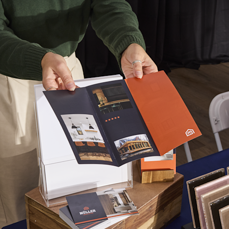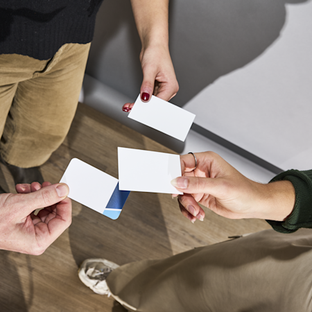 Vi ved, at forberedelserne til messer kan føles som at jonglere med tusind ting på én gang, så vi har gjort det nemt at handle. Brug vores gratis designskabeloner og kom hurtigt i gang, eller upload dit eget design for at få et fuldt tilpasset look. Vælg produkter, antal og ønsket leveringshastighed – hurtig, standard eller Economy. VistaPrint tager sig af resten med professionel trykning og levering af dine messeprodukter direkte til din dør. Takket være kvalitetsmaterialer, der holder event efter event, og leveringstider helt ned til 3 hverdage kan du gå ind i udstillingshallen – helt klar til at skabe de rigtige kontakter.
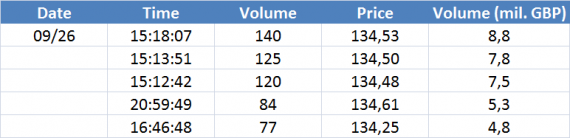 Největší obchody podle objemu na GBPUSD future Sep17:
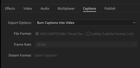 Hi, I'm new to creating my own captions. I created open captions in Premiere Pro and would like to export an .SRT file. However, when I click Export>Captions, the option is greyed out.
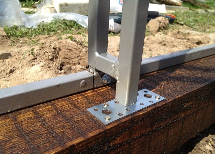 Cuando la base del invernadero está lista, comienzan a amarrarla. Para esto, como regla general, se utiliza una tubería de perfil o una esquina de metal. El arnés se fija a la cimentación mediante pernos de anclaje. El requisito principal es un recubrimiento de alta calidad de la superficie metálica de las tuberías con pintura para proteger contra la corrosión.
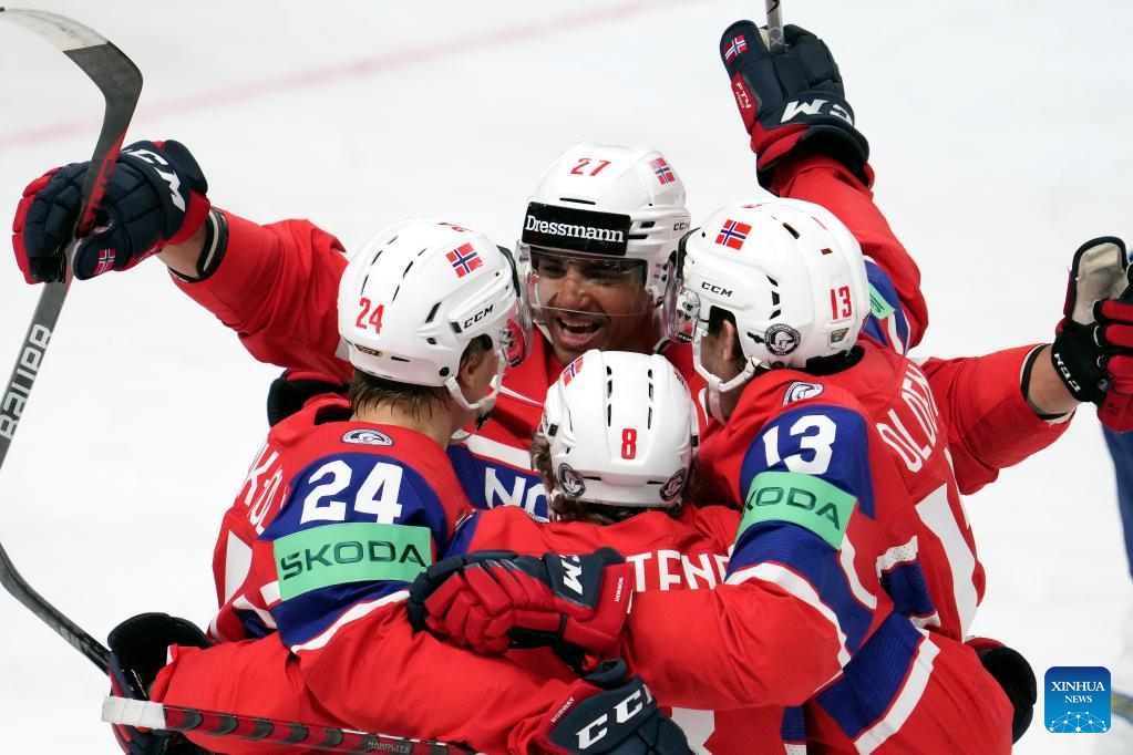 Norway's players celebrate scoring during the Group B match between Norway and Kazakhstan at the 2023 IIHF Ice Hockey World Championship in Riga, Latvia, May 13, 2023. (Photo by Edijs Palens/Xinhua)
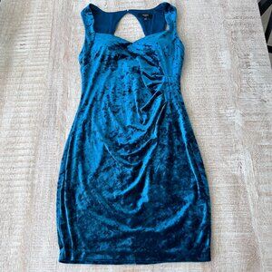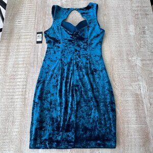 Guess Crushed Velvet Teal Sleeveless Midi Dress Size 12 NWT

==========

Everything from the line containing "Hi, I'm new" to the last line of the listing above must be reproduced exactly, with no pictures included.

▶ _Reply to the exercise_
 Hi, I'm new to creating my own captions. I created open captions in Premiere Pro and would like to export an .SRT file. However, when I click Export>Captions, the option is greyed out.
 Cuando la base del invernadero está lista, comienzan a amarrarla. Para esto, como regla general, se utiliza una tubería de perfil o una esquina de metal. El arnés se fija a la cimentación mediante pernos de anclaje. El requisito principal es un recubrimiento de alta calidad de la superficie metálica de las tuberías con pintura para proteger contra la corrosión.
 Norway's players celebrate scoring during the Group B match between Norway and Kazakhstan at the 2023 IIHF Ice Hockey World Championship in Riga, Latvia, May 13, 2023. (Photo by Edijs Palens/Xinhua)
 Guess Crushed Velvet Teal Sleeveless Midi Dress Size 12 NWT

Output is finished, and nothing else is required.